▶ [Provided data]
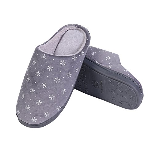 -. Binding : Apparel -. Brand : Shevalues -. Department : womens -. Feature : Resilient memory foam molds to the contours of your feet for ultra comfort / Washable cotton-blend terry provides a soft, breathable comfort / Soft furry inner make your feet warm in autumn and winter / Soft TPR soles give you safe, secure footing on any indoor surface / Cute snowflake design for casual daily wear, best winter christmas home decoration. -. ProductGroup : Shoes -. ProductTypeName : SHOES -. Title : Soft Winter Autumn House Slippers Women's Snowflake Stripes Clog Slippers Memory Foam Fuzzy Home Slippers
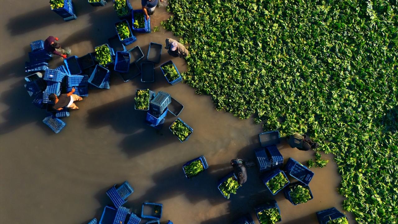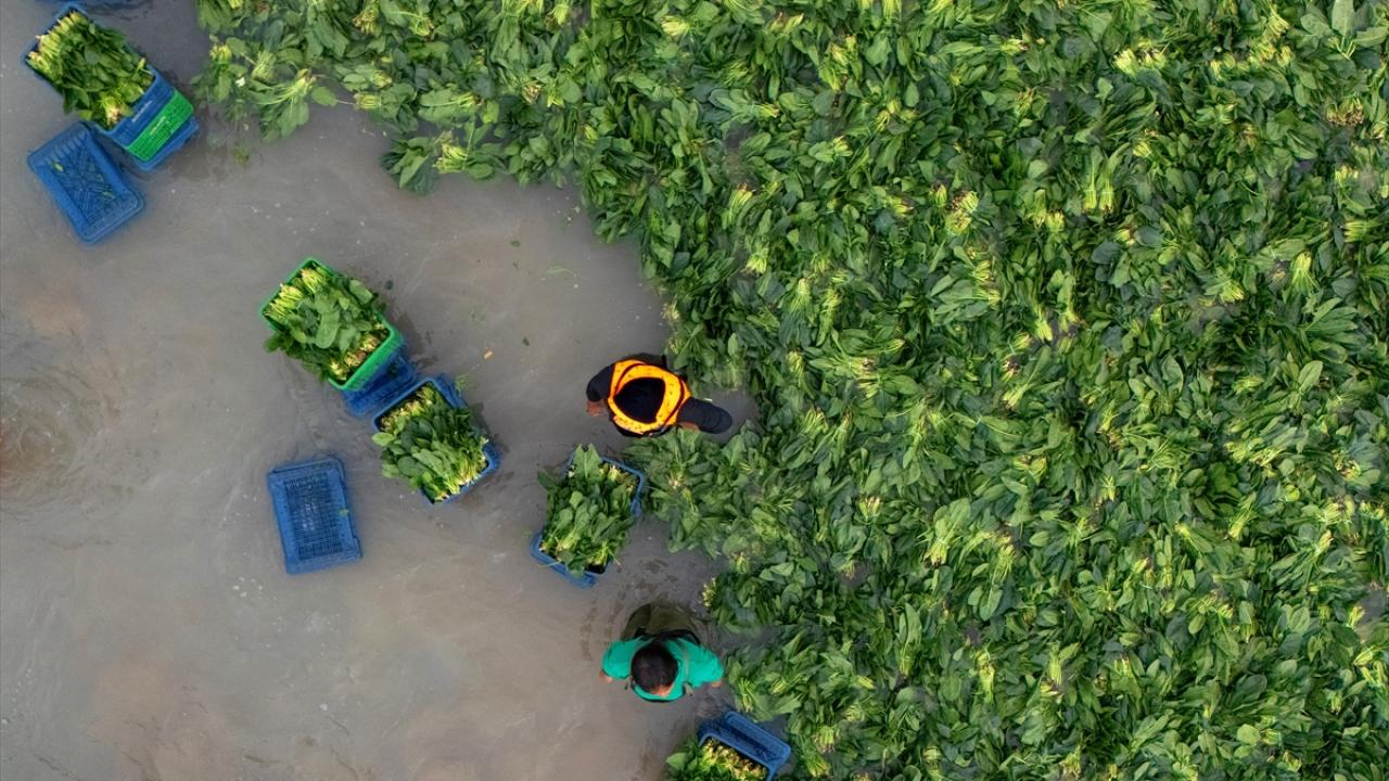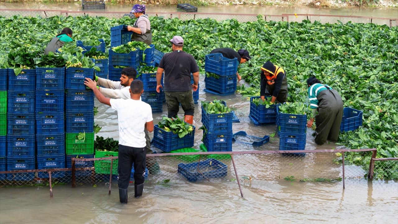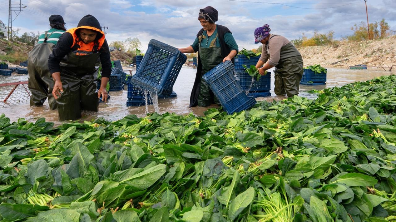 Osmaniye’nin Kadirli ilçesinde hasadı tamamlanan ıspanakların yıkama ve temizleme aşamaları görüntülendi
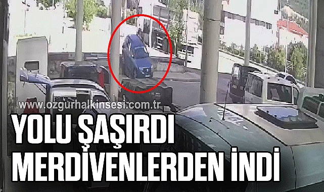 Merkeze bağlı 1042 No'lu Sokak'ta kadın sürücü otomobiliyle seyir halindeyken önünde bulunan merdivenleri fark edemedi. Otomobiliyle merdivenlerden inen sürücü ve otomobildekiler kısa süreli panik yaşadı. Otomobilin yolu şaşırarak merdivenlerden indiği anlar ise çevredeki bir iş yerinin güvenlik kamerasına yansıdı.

▶ [Activity]
Copy out the listing above in full and leave out its pictures.

▶ [Solved problem]
 -. Binding : Apparel -. Brand : Shevalues -. Department : womens -. Feature : Resilient memory foam molds to the contours of your feet for ultra comfort / Washable cotton-blend terry provides a soft, breathable comfort / Soft furry inner make your feet warm in autumn and winter / Soft TPR soles give you safe, secure footing on any indoor surface / Cute snowflake design for casual daily wear, best winter christmas home decoration. -. ProductGroup : Shoes -. ProductTypeName : SHOES -. Title : Soft Winter Autumn House Slippers Women's Snowflake Stripes Clog Slippers Memory Foam Fuzzy Home Slippers
 Osmaniye’nin Kadirli ilçesinde hasadı tamamlanan ıspanakların yıkama ve temizleme aşamaları görüntülendi
 Merkeze bağlı 1042 No'lu Sokak'ta kadın sürücü otomobiliyle seyir halindeyken önünde bulunan merdivenleri fark edemedi. Otomobiliyle merdivenlerden inen sürücü ve otomobildekiler kısa süreli panik yaşadı. Otomobilin yolu şaşırarak merdivenlerden indiği anlar ise çevredeki bir iş yerinin güvenlik kamerasına yansıdı.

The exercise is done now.